Ich würde mich freuen, wenn ihr eure Erfahrungen oder Meinungen zu diesem Programm mit mir teilen würdet.

Hoffe auf einen interessanten Meinungsaustausch.

Gruß exitus

[SilentCry]

Ich bin hier der Forumsparanoiker und ich bin überzeugt, diese Verschwörungstheorien sind völliger Schwachsinn. Ein einziger Schwachpunkt in der Kette und das wird publik und die Firma ist für immer weg vom Markt, die Verantwortlichen finden sich dann vermutlich bei lebendigem Leibe gehäutet mit den Füßen in Beton auf dem Grund eines Flusses wieder, denn Sicherheitssoftware wird nicht nur von Lieschen Müller gekauft.

Einziges Problem (neben der Tatsache, dass PGP Desktop derzeit nicht mit Schneeleopard läuft) ist, dass reine SW-Encryption anfällig für die Frozen RAM-Attacke (auch unter Cold Boot-Attacke bekannt) ist. Aber diese Backdoor-Geschichten sind nur dazu da mögliche Anwender zu verschrecken, frei nach dem Motto: "Nutzt eh nix! Brauchst ned, vergiss es - Die SchäubleSchergen wissen eh alles...." - so hätten es die Unsicherheitsbehörden nämlich gerne: Wir ergeben uns ihrer scheinbaren Allwissenheit und verschlüsseln gleich gar nicht.

[exitus]

Hallo Silent,

vielen Dank für deine ausführliche Antwort. Zum 2ten Absatz deines Beitrags, dies sehe ich genauso und bin überzeugt das die "SchäublerSchergen" das gerne so hätten das sie alles wüssten.

Ich habe bislang TrueCrypt benutzt womit auch alle meine externen HDD's von vorne bis hinten verschlüsselt sind.
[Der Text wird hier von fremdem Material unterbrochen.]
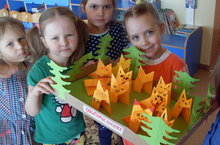 Здесь нечего особенно мудрить,А нужно просто взять листок бумагиИ постараться что-нибудь сложить.Вот они наши лисички! -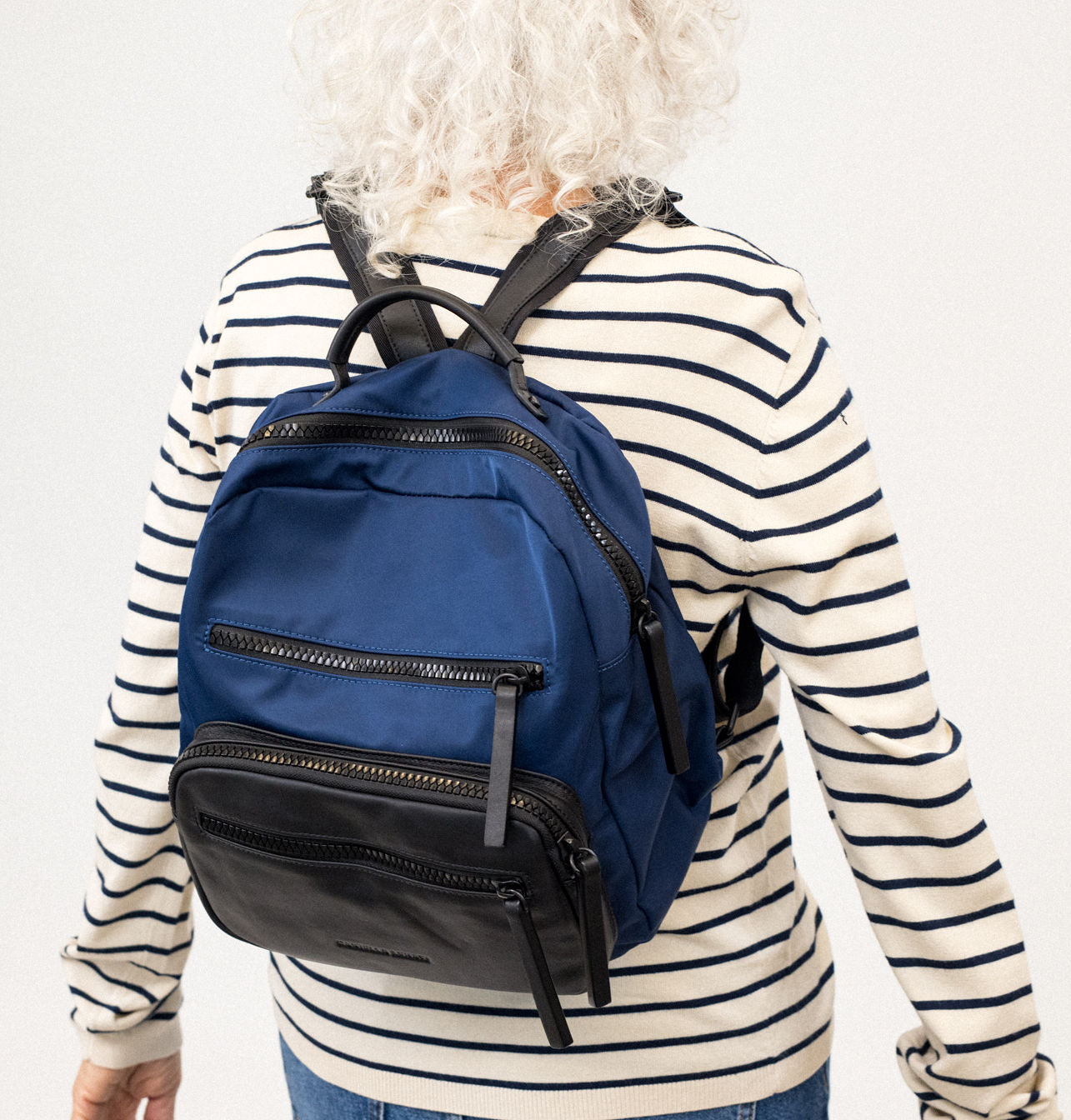 Porto Backpack תיק גב בגודל בינוני בעיצוב נקי ומתוחכם, שהופך אותו לפריט חובה לכל מי שאוהבת לטייל ולהסתובב. התיק עשוי משילוב ייחודי של ניילון ועור הניתנים לניקוי, עם חלוקה נוחה הכוללת כיסים חיצוניים ופנימיים. בנוסף, הוא כולל רצועה נוחה שמתלבשת על מזוודה – מה שהופך אותו לתיק המושלם לנסיעות.

Nur leider bietet TC ja unter Mac OS X keine Bootpartitions-Verschlüsselung (Whole Disk encryption) an, weshalb ich mir nun halt PGP mal etwas genauer angeschaut habe.
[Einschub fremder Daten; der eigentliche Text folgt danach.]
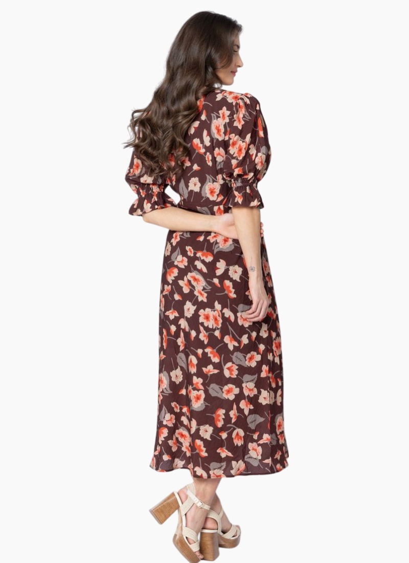 Introducing the Opportunity Dress in Nutmeg Glow from Seeking Lola. This floral midi radiates relaxed, feminine charm with a soft drape and statement sleeves.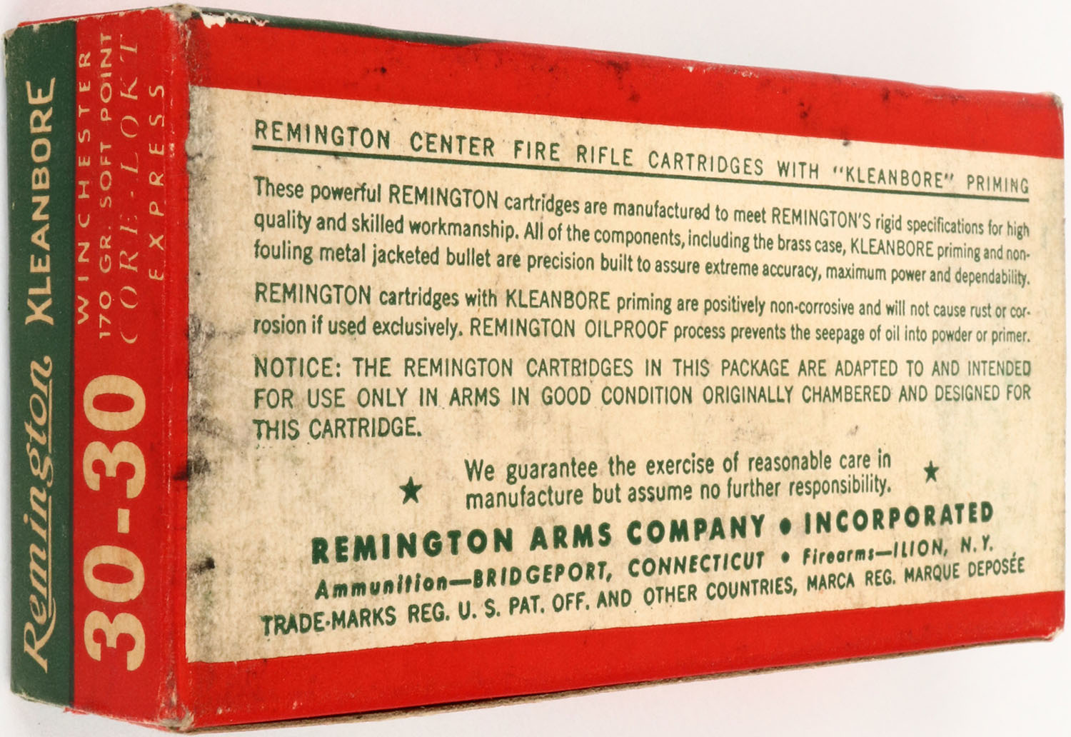 Remington, Kleanbore Express, .30-30 Winchester, 170 Grain Soft Point Core-Lokt Bullet, Full, 1pc. Green red & white box, box is solid with excellent color, very minor age soiling & corner wear, edges are mostly crisp, end flaps are solid, ammo is excellent. Grade: Excellent - Value: 20 to 60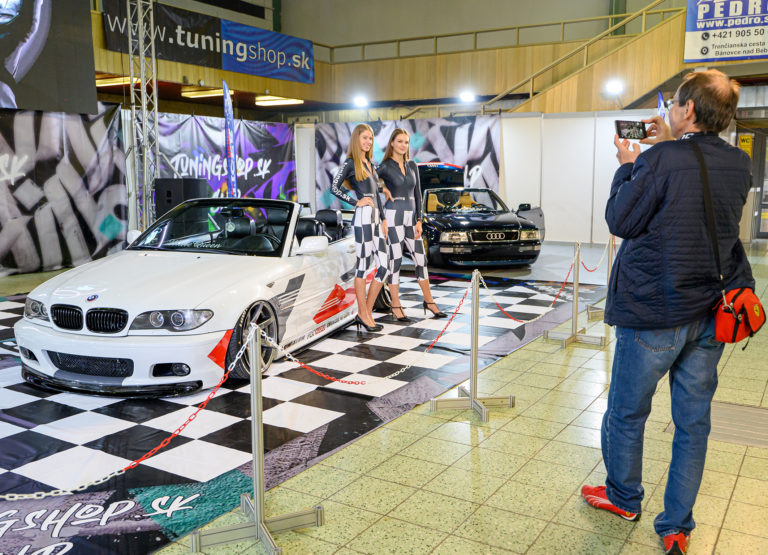 Návštevník si fotí hostestky pri speciálne upravenom vozidle v stánku Tuningshop počas otvorenia výstavy Autosalón Autoshow Nitra 2022 výstavisku Agrokomplex v Nitre. Nitra, 13. október 2022. Foto: SITA/Martin Havran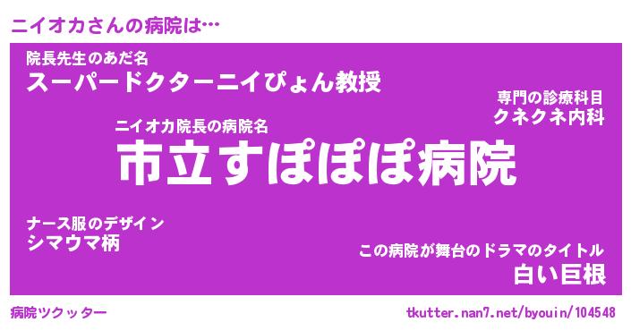| 男性向けラノベタイトル風あだ名 | 『ニイオカの憂鬱』 |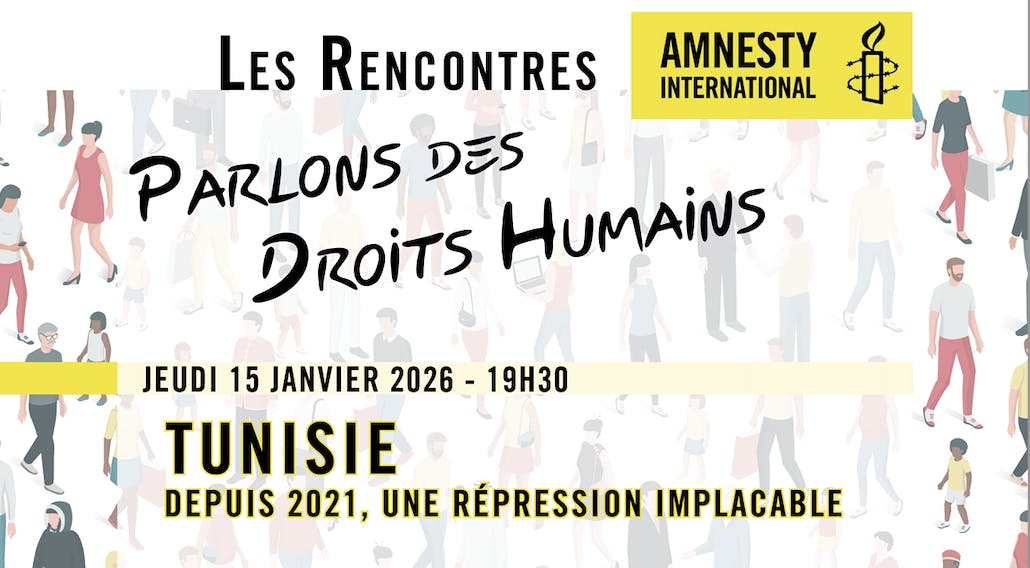 Les groupes Jaurès, Lafayette et Montmartre d'Amnesty International Paris organisent une soirée débat sur les droits humains en Tunisie, le jeudi 15 janvier 2026, à 19h30 au centre Cerise. Entrée libre.

Hat denn irgendjemand Erfahrungen mit PGP gesammelt und könnte mal ein Fazit ziehen was Performance des Rechners und dem alltäglichen Umgang mit diesem Programm anbelangt abgeben?

Das würde mir sicherlich in meiner Meinungsfindung weiterhelfen

Nochmals vielen Dank für die Antwort Silent.

Gruß exitus

[SilentCry]

Andere Möglichkeiten sind noch WinMagic SecureDoc, dazu gibt es im Apple-Supportforum einen Thread und Eingaben von mir : KLICK
Und was auch noch eine Variante ist ist CheckPoint FDE - die haben mir eine Version für SL Mitte Dezember versprochen.

WinMagics SecureDoc hat den Vorteil, das es mit Hardware FDE zusammen arbeitet. D.h. gegen Frozen RAM sicher ist. Wie du meinen Beiträgen im Applesupportforum entnehmen kannst, teste ich das gerade. Vorweg: Die SW arbeitet mit Schneeleopard 10.6.2 UND meiner Seagte FDE.4 Enterprise zusammen!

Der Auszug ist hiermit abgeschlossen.